• [Your task]: In the answer, each entry below appears exactly as given, and no picture appears at all.

• [Supplied data]:

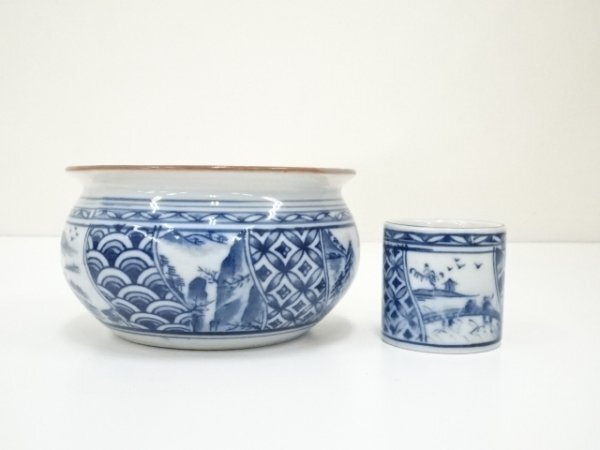 ys7372847; 染付祥瑞写山水文建水・蓋置セット【道】
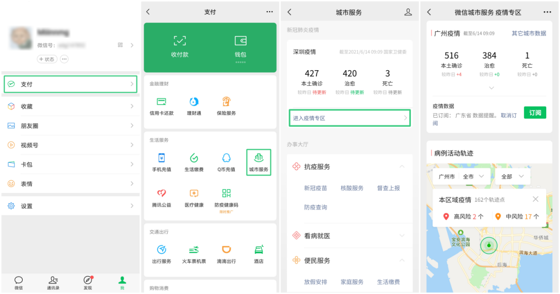 讀特客戶端·深圳新聞網(wǎng)2021年6月16日訊 (記者 田志強)端午期間,為減少疫情傳播風(fēng)險,廣東市民紛紛響應(yīng)號召實行就地過節(jié),落實非必要不出省的相關(guān)要求。為進一步助力廣東及全國人民抗疫,為市民提供準(zhǔn)確疫情資訊及抗疫服務(wù),近日,微信更新城市服務(wù)疫情專區(qū),支持查看疫情數(shù)據(jù)、病例活動軌跡、疫情資訊以及接入抗疫服務(wù)。全國用戶打開“我-支付-城市服務(wù)-疫情專區(qū)”,即可快速觸達各類疫情相關(guān)服務(wù)。
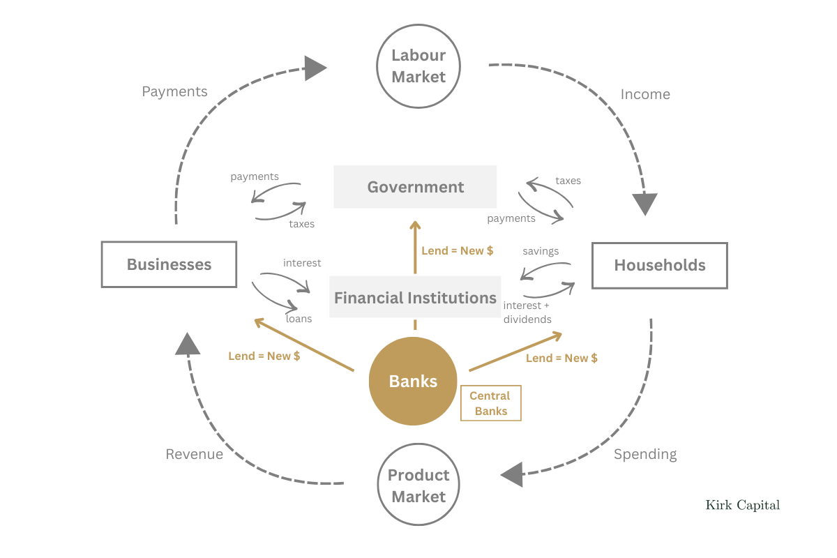 In reality, banks create money when they lend, credit (lent money) drives asset prices, and liquidity moves financial markets.
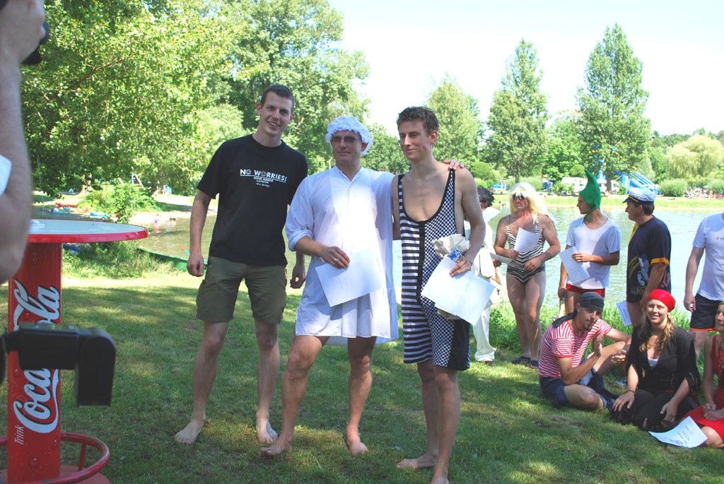 Jedoch: Was vorne gut rudert, schaufelt hinten viel Wasser in die Wanne - und das muss dann mitgeschleppt werden. "Wenn die Wanne leer ist, läuft sie wie die Hex, aber sobald sie voll ist, geht gar nichts mehr", erzählt Initiator Philipp Kritzler von seinen Erfahrungen. Er sitzt als sexy Pamela gemeinsam mit Manfred Starke als Team "Bay Watch" in der Wanne. Die beiden werden am Ende die zweiten Sieger sein.
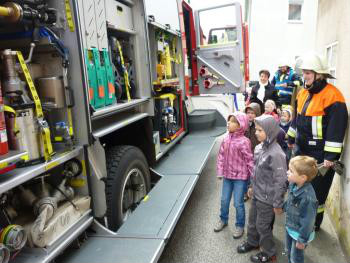 Zum Abschluß der Übung durften diese noch einen Blick in die Feuerwehrfahrzeuge und auf die Gerätschaften werfen.
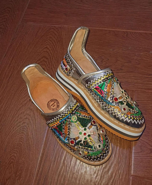 اكتشفي مجموعة بلغة تافراوت التقليدية المصنوعة يدوياً بعناية فائقة من جلد طبيعي فخم، والمزينة بنقوش أمازيغية مستوحاة من تراث الجنوب المغربي. تصاميمنا تجمع بين الراحة والأناقة، وتُعد خياراً مثالياً للمرأة العربية العاشقة للأصالة والتميز، خاصة في المناسبات أو الإطلالات اليومية الراقية.

• [Exercise result]:
 ys7372847; 染付祥瑞写山水文建水・蓋置セット【道】
 讀特客戶端·深圳新聞網(wǎng)2021年6月16日訊 (記者 田志強)端午期間,為減少疫情傳播風(fēng)險,廣東市民紛紛響應(yīng)號召實行就地過節(jié),落實非必要不出省的相關(guān)要求。為進一步助力廣東及全國人民抗疫,為市民提供準(zhǔn)確疫情資訊及抗疫服務(wù),近日,微信更新城市服務(wù)疫情專區(qū),支持查看疫情數(shù)據(jù)、病例活動軌跡、疫情資訊以及接入抗疫服務(wù)。全國用戶打開“我-支付-城市服務(wù)-疫情專區(qū)”,即可快速觸達各類疫情相關(guān)服務(wù)。
 In reality, banks create money when they lend, credit (lent money) drives asset prices, and liquidity moves financial markets.
 Jedoch: Was vorne gut rudert, schaufelt hinten viel Wasser in die Wanne - und das muss dann mitgeschleppt werden. "Wenn die Wanne leer ist, läuft sie wie die Hex, aber sobald sie voll ist, geht gar nichts mehr", erzählt Initiator Philipp Kritzler von seinen Erfahrungen. Er sitzt als sexy Pamela gemeinsam mit Manfred Starke als Team "Bay Watch" in der Wanne. Die beiden werden am Ende die zweiten Sieger sein.
 Zum Abschluß der Übung durften diese noch einen Blick in die Feuerwehrfahrzeuge und auf die Gerätschaften werfen.
 اكتشفي مجموعة بلغة تافراوت التقليدية المصنوعة يدوياً بعناية فائقة من جلد طبيعي فخم، والمزينة بنقوش أمازيغية مستوحاة من تراث الجنوب المغربي. تصاميمنا تجمع بين الراحة والأناقة، وتُعد خياراً مثالياً للمرأة العربية العاشقة للأصالة والتميز، خاصة في المناسبات أو الإطلالات اليومية الراقية.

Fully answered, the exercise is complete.